Zhiyun a pris rendez-vous dans ce café, à l’abri des regards, par peur d’éclater en sanglots, dit-elle. Il y a deux semaines, cette journaliste a dénoncé sur les réseaux sociaux les avances déplacées d’un de ses supérieurs.

« Sur le papier, nous sommes le premier pays d’Asie en matière d’égalité homme-femme, mais dans les faits, le patriarcat influence encore beaucoup la société taïwanaise », se désole-t-elle. « Si tu ne veux pas être une femme au foyer, que tu veux avoir ta propre carrière, alors tu as de grandes chances de faire face à du harcèlement sexuel. » Puis elle ajoute : « Quand ce mouvement a démarré, ça a été comme un réveil pour moi. J’ai pris conscience de notre force à nous, les femmes. »

Wave Makers sur Netflix, un déclencheur

Artistes, politiciens, journalistes... Près d’une centaine de célébrités taïwanaises ont été visées depuis le début de mois de juin. Pour beaucoup, une série Netflix a été le déclencheur du mouvement : Wave Makers raconte les coulisses de la vie politique taïwanaise et notamment les cas de harcèlement sexuel.

« La scénariste elle-même a été victime de harcèlement sexuel, donc le scénario est très réaliste et il y a une réplique très connue où elle dit : “on ne peut pas laisser passer cela”. Cela a encouragé les victimes de harcèlement sexuel, et cette phrase est devenue notre slogan ! »

À écouter aussiLa première génération post #MeToo : ce que nos filles ont à nous dire

Des prises de paroles limitées

Depuis la démocratisation de Taïwan dans les années 1990, les avancées en matière d’égalité hommes-femmes ont été notables. Mais les prises de parole sur le harcèlement sexuel restaient limitées. Il y a cinq ans, l’association Garden of Hope avait tout fait pour que le mouvement #MeToo se propage à Taiwan.

« À l’époque, on n’avait pas réussi parce que la parole des victimes était encore trop souvent remise en question », se rappelle Wang Yue-Hao, la présidente de l’association. « Mais aujourd’hui, la société taïwanaise a changé. Le parti au pouvoir a réagi très rapidement en se mettant du côté des victimes et cela a donné confiance aux personnes qui voulaient témoigner », souligne-t-elle.

À écouter aussi#MeToo a-t-il vraiment libéré la parole des femmes ?

« D’un point de vue culturel, on a encore du retard »

Le parti démocrate progressiste au pouvoir a promis de réformer la loi sur le harcèlement sexuel dès le mois prochain.

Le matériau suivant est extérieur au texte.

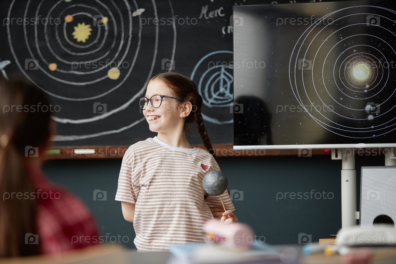 Девочка улыбается, пока представляет модель Солнечной системы в классе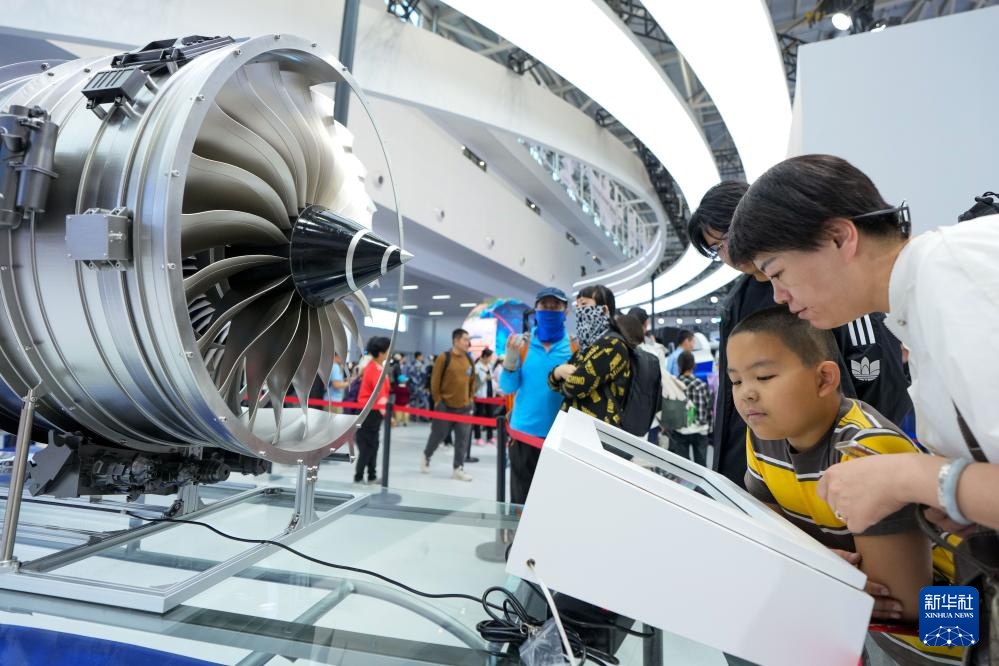 9月20日,参观者在现场观看涡扇发动机相关介绍。新华社记者 许畅 摄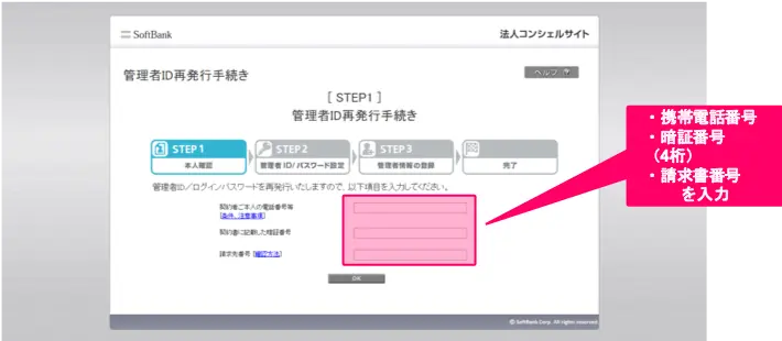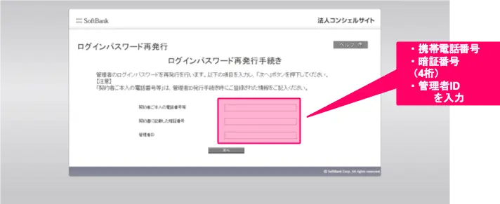 管理者ID再発行手続きページで、ご本人確認のためご契約の携帯電話番号、暗証番号(4桁)、請求先番号をご入力ください。

Plusieurs de ses responsables se sont excusés ou ont démissionné. Dans ses bureaux du Parlement taïwanais, la députée Lin Ching-yi planche sur la future réforme.

« Au niveau de notre système légal sur l’égalité des sexes, on est à peu près au même niveau que les pays les plus progressistes, mais d’un point de vue culturel, on a encore du retard », concède Lin Ching-yi. « Avec cette réforme, j’espère qu’on va pouvoir combler les lacunes juridiques, mais ce que j’attends le plus, c’est ce mouvement d’éducation collective de la société. »

Le sujet devrait résonner avec une autre thématique au cœur des débats de l’élection présidentielle de janvier prochain : celle de la relation avec le voisin chinois, où le mot-clef #MeToo avait été censuré sur les réseaux sociaux.